Of these 107 patients, 20 (19%) had symptomatic acute onset of ILD, 55 (51%) had symptomatic progressive onset of ILD, and 32 (30%) were asymptomatic. The latter group had findings consistent with ILD on PFT and HRCT, although it is not clear why this group of patients underwent pulmonary evaluation.
ILD resolved in 35 patients (33%), remained stable or improved in 55 patients (51%), and deteriorated in 17 patients (16%). A total of 8 patients died, all in the group that had ILD deterioration, and 7 of these deaths were from complications related to ILD. Factors present at the time of diagnosis associated with ILD deterioration over time included older age, dyspnea, cough, acute onset of ILD, and worse PFT. Additionally, an HRCT finding of usual interstitial pneumonia was associated with ILD deterioration, although not significantly (P = .07). Lung tissue was obtained from 41/107 of patients (38%), and biopsy findings of usual interstitial pneumonia were significantly associated with ILD deterioration. Conversely, biopsy findings of cryptogenic organizing pneumonia and nonspecific interstitial pneumonia were associated with improved outcomes. Factors not associated with worsening ILD were PM/DM subset, creatine kinase levels, esophageal impairment, a concomitant diagnosis of cancer, mechanic's hands, and autoantibodies (in particular antinuclear antibodies, anti-Jo-1, and anti-PM-Scl). Of interest, 29 patients (27%) were positive for anti-SSA antibodies, raising the question of possible overlap syndromes. The relationship between anti-SSA positive status and ILD outcomes was not discussed. Also of note, ILD preceded a diagnosis of PM/DM in 20/107 patients (19%), although in most patients (64%), ILD was identified at the same time that the patients presented with PM/DM.

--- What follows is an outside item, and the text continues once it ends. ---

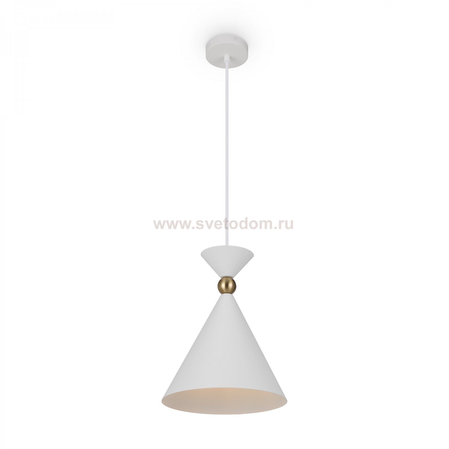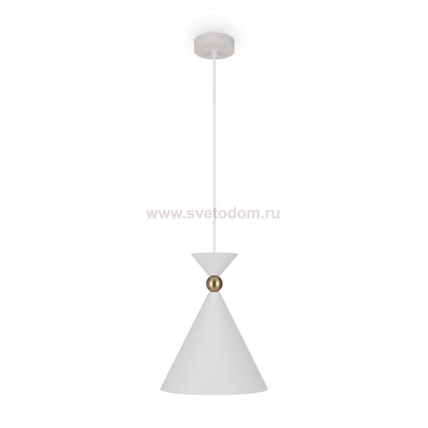 Арматура и плафоны из металла в двух цветах — белом и сером. Плафон состоит из 2-х конусов разных размеров, соединённых золотистым декоративным элементом. Высота регулируется. Идеальны для составления композиций. Источник света — лампа с цоколем Е27.

A variety of therapies were used to treat the PM/DM and ILD. In descriptive analyses, several treatments resulted in improvement of ILD, although these same treatments were also used in the patients who did not improve. These therapies included steroids alone or steroids in combination with azathioprine, cyclophosphamide (typically monthly at a dose of 0.5-0.8 g/m for 3-6 months), and other agents, such as mycophenolate. In particular, of those treated initially with steroids and azathioprine, 20/25 (80%) had either resolution or significant improvement of their ILD. Of patients with ILD treated initially with steroids and cyclophosphamide, 16/25 (64%) had resolution or significant improvement.